We can use the LitScan API to search for relevant publications about this RNA:
@limits(calls=20, period=1)
def get_publications(genes):
format_gene_query = ['job_id:"{}"'.format(gene) for gene in genes]
url = f"https://www.ebi.ac.uk/ebisearch/ws/rest/rnacentral-litscan?query=entry_type:Publication AND ({' OR '.join(format_gene_query)})&fields=title,pmcid&format=json"
response = requests.get(url)
r = response.json()
titles = [hit['fields']['title'][0] for hit in r['entries']]
pmcids = [hit['fields']['pmcid'][0] for hit in r['entries']]
links = [f"https://www.ncbi.nlm.nih.gov/pmc/articles/{pmcid}/" for pmcid in pmcids]

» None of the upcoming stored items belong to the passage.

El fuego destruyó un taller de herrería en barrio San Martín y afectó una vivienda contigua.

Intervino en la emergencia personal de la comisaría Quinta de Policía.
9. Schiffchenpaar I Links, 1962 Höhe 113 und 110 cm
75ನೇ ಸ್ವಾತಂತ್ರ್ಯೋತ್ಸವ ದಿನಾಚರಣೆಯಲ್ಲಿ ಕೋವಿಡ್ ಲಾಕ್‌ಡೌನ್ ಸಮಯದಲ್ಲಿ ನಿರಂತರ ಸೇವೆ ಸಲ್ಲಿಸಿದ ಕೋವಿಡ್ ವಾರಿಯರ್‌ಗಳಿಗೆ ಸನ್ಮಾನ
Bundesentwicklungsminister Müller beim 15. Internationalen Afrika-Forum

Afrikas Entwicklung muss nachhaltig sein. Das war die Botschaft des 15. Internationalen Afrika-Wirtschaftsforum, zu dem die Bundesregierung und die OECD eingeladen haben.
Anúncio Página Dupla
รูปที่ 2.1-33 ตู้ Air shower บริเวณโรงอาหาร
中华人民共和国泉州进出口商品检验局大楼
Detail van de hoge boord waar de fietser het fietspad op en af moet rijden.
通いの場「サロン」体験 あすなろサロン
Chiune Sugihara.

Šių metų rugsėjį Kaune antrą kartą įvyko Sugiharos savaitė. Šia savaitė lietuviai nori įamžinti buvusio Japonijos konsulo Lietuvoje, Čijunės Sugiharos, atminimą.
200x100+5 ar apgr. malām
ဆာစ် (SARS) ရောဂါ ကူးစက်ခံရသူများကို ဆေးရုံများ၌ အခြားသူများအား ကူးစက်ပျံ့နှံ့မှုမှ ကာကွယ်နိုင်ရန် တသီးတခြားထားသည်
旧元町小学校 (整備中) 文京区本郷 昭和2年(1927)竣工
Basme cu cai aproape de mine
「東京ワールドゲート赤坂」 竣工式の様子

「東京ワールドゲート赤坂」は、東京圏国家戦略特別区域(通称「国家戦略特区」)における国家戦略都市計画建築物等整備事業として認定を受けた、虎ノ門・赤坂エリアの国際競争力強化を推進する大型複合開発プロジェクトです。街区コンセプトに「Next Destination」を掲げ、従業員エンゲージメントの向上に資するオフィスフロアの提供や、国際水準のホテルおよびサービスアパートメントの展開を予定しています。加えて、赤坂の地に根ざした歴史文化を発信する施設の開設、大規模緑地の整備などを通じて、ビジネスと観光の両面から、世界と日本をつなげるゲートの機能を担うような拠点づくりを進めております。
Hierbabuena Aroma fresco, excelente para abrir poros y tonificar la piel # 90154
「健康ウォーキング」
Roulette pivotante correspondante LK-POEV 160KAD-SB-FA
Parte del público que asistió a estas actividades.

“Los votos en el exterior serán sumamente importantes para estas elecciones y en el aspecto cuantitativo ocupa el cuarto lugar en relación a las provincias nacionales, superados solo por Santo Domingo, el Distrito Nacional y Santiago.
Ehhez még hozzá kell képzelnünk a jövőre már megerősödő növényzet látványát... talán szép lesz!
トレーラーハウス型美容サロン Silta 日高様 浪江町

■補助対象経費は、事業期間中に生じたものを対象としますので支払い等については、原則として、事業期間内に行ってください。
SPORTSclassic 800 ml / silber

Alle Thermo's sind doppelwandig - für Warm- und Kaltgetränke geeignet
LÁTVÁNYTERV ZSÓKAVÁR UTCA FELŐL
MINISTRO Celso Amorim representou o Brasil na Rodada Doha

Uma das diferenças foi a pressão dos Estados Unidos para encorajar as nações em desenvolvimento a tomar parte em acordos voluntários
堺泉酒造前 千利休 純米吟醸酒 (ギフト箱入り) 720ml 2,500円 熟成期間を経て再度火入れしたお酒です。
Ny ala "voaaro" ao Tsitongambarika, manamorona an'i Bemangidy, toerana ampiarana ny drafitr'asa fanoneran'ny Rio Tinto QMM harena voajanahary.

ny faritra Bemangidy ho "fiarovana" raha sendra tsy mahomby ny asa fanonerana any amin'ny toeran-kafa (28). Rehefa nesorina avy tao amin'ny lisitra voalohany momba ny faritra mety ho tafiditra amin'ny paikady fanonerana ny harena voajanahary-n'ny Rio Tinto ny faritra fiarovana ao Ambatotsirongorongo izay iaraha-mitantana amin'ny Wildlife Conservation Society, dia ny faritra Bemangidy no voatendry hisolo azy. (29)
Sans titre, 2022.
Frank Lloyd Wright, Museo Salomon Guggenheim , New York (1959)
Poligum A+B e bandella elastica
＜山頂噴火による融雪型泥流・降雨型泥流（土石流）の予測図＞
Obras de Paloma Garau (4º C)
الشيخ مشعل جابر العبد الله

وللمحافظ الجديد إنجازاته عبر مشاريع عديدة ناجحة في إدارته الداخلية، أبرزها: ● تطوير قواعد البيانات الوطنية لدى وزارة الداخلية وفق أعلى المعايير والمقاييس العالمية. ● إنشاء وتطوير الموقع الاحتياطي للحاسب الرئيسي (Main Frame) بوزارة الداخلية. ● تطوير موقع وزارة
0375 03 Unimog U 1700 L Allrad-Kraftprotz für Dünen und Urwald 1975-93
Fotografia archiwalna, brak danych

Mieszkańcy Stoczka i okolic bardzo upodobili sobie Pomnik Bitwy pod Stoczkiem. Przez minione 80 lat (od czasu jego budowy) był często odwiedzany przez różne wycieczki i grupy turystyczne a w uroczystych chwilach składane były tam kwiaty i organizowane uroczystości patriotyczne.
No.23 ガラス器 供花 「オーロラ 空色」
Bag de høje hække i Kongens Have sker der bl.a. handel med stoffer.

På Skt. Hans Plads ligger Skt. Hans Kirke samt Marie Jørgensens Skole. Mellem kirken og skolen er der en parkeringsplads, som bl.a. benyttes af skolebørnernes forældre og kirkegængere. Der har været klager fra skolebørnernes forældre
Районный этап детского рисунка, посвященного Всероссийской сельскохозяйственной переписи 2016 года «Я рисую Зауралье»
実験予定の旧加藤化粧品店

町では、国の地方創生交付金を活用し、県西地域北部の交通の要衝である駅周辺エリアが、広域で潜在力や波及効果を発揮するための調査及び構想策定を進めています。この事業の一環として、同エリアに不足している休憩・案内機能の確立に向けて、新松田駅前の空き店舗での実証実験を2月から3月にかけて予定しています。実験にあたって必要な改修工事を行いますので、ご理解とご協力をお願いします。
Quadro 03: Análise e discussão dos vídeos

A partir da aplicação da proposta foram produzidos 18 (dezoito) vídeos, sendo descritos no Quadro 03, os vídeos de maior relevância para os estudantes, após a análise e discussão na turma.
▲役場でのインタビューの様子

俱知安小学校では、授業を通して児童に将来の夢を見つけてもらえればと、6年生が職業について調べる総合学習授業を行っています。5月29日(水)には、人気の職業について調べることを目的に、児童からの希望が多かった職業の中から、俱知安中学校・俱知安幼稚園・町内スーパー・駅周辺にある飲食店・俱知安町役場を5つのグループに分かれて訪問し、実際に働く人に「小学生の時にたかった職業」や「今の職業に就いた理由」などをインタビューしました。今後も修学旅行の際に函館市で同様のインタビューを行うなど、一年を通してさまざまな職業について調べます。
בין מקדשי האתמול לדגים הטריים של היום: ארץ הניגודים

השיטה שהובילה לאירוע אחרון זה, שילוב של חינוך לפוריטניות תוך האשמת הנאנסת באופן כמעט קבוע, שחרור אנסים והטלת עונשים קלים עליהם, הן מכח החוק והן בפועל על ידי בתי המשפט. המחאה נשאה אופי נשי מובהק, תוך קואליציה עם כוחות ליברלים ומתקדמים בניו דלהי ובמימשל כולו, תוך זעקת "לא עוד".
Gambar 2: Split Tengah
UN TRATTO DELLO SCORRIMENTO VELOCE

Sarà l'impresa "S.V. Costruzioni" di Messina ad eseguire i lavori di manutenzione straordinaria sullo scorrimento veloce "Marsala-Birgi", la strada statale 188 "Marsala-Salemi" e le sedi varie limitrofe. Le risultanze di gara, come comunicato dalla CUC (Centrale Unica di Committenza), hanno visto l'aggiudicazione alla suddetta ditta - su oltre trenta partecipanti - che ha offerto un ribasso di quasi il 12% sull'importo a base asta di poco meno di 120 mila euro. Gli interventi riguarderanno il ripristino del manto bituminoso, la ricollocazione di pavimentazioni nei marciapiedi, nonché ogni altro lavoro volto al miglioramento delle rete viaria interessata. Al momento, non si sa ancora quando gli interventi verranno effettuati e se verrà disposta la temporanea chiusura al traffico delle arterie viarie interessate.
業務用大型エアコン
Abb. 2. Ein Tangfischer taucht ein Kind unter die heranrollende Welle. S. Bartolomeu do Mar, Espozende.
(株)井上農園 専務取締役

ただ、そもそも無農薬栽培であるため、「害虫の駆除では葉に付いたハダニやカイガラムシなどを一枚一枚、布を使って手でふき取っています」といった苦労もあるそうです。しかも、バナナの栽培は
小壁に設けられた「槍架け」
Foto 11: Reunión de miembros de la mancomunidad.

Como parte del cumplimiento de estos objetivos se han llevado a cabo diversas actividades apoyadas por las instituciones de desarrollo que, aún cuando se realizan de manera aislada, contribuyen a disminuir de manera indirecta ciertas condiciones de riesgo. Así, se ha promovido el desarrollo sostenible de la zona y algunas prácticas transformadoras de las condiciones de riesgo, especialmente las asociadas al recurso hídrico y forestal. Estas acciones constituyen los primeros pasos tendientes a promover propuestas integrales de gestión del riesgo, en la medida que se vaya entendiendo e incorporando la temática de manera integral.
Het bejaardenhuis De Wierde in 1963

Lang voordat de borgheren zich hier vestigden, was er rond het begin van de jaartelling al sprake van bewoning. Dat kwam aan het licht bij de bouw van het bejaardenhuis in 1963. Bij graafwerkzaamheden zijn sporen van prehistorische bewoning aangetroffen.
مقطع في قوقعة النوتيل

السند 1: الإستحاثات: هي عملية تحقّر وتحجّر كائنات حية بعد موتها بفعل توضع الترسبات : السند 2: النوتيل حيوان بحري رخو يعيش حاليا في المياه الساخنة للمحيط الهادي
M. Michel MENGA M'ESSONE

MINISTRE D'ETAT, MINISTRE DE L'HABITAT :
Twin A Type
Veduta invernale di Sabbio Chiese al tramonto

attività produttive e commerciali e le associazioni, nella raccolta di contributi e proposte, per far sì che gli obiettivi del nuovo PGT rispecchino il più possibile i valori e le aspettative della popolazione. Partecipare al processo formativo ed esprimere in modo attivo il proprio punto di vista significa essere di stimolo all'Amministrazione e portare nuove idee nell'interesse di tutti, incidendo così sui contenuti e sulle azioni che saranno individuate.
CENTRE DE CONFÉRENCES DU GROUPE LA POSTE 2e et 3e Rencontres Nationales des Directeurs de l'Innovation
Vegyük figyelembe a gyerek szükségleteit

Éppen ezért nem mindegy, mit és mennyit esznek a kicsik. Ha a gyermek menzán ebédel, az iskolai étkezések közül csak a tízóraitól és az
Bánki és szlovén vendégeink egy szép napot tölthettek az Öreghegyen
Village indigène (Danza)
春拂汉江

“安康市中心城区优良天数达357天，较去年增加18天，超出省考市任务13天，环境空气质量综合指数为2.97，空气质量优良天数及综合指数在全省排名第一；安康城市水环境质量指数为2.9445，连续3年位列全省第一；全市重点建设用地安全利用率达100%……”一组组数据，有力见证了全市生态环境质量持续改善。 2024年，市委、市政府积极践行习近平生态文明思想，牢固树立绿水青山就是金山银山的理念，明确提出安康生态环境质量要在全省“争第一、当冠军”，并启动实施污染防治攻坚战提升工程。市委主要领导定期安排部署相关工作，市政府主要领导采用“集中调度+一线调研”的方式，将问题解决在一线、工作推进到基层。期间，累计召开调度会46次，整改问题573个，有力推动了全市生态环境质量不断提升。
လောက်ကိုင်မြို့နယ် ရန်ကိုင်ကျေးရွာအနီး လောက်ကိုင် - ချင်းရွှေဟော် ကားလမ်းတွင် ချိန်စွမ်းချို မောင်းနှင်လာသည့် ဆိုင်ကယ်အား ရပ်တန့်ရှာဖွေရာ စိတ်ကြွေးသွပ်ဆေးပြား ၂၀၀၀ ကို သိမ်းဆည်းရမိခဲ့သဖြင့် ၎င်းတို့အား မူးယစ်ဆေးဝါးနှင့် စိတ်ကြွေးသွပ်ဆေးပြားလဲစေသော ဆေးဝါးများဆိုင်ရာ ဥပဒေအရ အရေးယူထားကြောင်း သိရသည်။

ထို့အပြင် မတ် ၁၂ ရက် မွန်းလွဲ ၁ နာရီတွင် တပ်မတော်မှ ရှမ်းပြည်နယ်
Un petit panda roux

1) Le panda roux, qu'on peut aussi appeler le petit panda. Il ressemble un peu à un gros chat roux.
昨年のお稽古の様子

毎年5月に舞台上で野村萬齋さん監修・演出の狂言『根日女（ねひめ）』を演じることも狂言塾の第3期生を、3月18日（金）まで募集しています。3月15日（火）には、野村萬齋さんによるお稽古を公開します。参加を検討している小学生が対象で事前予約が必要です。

publication_data = pd.DataFrame({"titles": titles, "pmcids": pmcids, "links": links})
return publication_data
## We can get away with this because we only have one RNA in our selection -
# think how it would need to change if we wanted to run across a whole dataset
publication_data = get_publications(set(list(miRNA['genes'])[0]))
with pd.option_context('display.max_colwidth', None):
display(publication_data)
So this RNA has been found in 4 publications, the titles of which you can see here, and you should be able to go and get the full text at these links.
Hopefully this gives you an idea how to get started using the RNAcentral APIs for your own analyses. If you want to play a little more with this data, you could try getting all the papers for other RNA types identified in this analysis, or filtering to only look at those RNAs with no papers about them, or try some of the other techniques we've talked about in this webinar!